1. A Windows 64-bit client with at least 8GB of free space from which the tool can be run to create the bootable USB drive.
2. Administrative privileges on the Windows client from prerequisite #1.
3. A USB drive with max of 32GB. USB will be wiped and will be formatted automatically to FAT32.

Following steps on the 64-bit Windows to generate WinPE Recovery Media:

1. 1. Download the Microsoft Recovery Tool from the Microsoft Download Centre.
   2. Extract the PowerShell script.
   3. Run MsftRecoveryToolForCSv2.ps1 from an elevated PowerShell prompt.
   4. The ADK will download, and media creation will start. It may take several minutes to complete.
   5. Choose one of the two options mentioned above for recovering affected devices.
   6. Optionally select a directory that contains driver files to import into the recovery image.
   7. Select the option to either generate an ISO or USB drive and specify drive letter.

1. Insert the USB media into an impacted device and reboot it.
2. During restart, press F8/F12/Dell (or follow manufacturer-specific instructions for booting to BIOS).
3. From the BIOS boot menu, select Boot from USB and continue.
4. If BitLocker is enabled, the user will be prompted for the BitLocker recovery key including the dashes. The recovery key options are provided here. For third-party device encryption solutions, follow any steps provided by the vendor to gain access to the drive.
5. The tool will run the issue-remediation scripts as recommended by CrowdStrike.
6. Once complete, remove the USB drive and reboot the device normally.
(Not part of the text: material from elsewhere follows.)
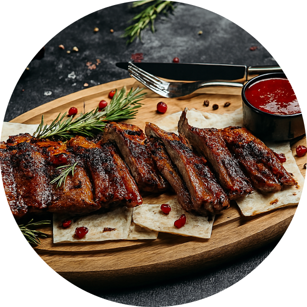 Succulent lamb ribs slow-cooked until tender, finished with a gentle glaze and aromatic seasoning for a deeply flavourful and indulgent experience.

Follow the below steps if you have access to the Local Administrator Account and want to fix the impacted device without using the Bitlocker Recovery Key:

1. 1. Insert the USB key into an impacted device and reboot it.
   2. During restart, press F8/F12/Dell (or follow manufacturer-specific instructions for booting to BIOS).
   3. From the BIOS boot menu, select Boot from USB and continue.
   4. The following message appears: “This tool will configure this machine to boot in safe mode. WARNING: In some cases, you may need to enter a BitLocker recovery key after running.”
   5. Press any key to continue.
   6. The following message appears: “Your PC is configured to boot to Safe Mode now.”
   7. Press any key to continue.
   8. The machine reboots into safe mode.
   9. The user runs repair.cmd from the root of the media/USB drive. The script will run the remediation steps as recommended by CrowdStrike.
   10. The following message appears: “This tool will remove impacted files and restore normal boot configuration. WARNING: You may need BitLocker recovery key in some cases. WARNING: This script must be run in an elevated command prompt.”
   11. Press any key to continue.
   12. The user repair will run and the normal boot flow will be restored.
   13. Once successful, the user will see the following message: “Success. System will now reboot.”
   14. Press any key to continue. The device will reboot normally.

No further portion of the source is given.